In an attempt to keep skyrocketing prices under control, the Bank hiked interest rates by the greatest margin in 27 years last month. It also forecasted that the UK economy would enter a slump later this year.

The economic effect
Higher interest rates can make borrowing more expensive, resulting in fewer individuals having money to spend and prices not rising as quickly. Some dispute the effectiveness of UK rate increases in the face of global inflation.

When the lockdown was lifted and the economy began to recover, energy prices skyrocketed. They have risen further as Russia has drastically reduced its gas deliveries to Europe. It has caused gas prices to rise across the continent, especially in the United Kingdom, with significant consequences for consumers.

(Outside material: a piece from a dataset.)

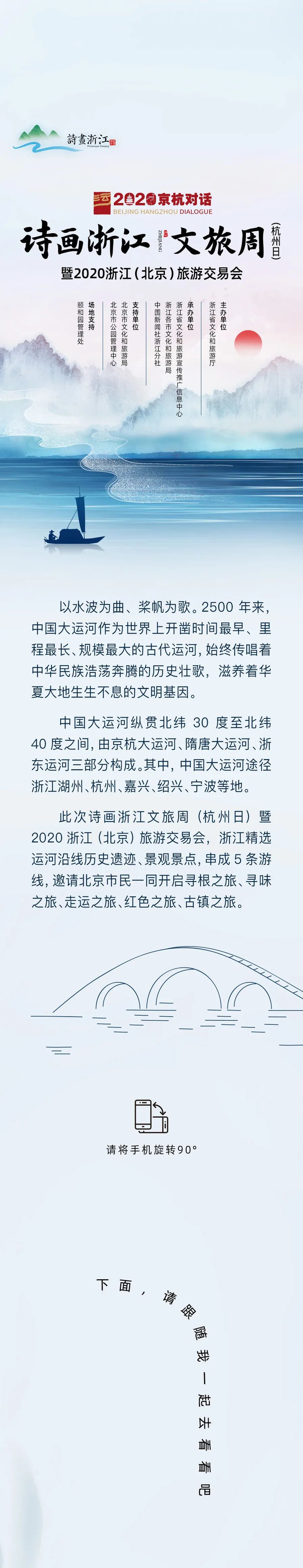 作为2020中国大运河文化带京杭对话重要活动之一,本次活动于线上线下同时举行,展期共三天。尽展诗画浙江魅力、续写京浙人文佳话、助推跨省游复苏。

With inflation reaching 10.1%, prices are rising at the quickest rate in 40 years.

Moving forward
The Monetary Policy Committee’s conclusion will now be revealed at 12:00 on September 22nd.

Digging Deeper
Liz Truss and the struggling UK economy

In an effort to avoid widespread hardship, the prime minister declared on Thursday that the government will limit energy bill increases for all households for two years.

Prime Minister Liz Truss is set to borrow billions of dollars to reduce the projected significant increase in energy prices for consumers and businesses. A typical household’s gas and electricity bill is currently set to climb from £1,971 to £3,549 in October but by 2024, the average home energy bill will be capped at £2,500 per year.

Analysts estimate that the massive support scheme may cost up to £150 billion, but Ms Truss said in launching the package that “extraordinary times call for exceptional measures.”

Further details are due by the end of the month, when the chancellor is expected to clarify the level of borrowing required and any additional tax measures he considers necessary to fund the package of support.

It is uncertain how long the government assistance will extend, but the full government assistance package is likely to be worth roughly £100 billion. The final sum will be determined by changes in gas and energy prices in the very volatile international energy markets, as well as how much more assistance is provided to the most needy.

However, the government is said to be hesitant to see money added to customer bills for up to 20 years in order for energy companies to repay the loans.

Given its promises to be a tax-cutting government, it is also expected to be hesitant to add the expense to general taxation. So, it is expected that customers will not be required to reimburse the government’s bill subsidies, according to the government’s plans.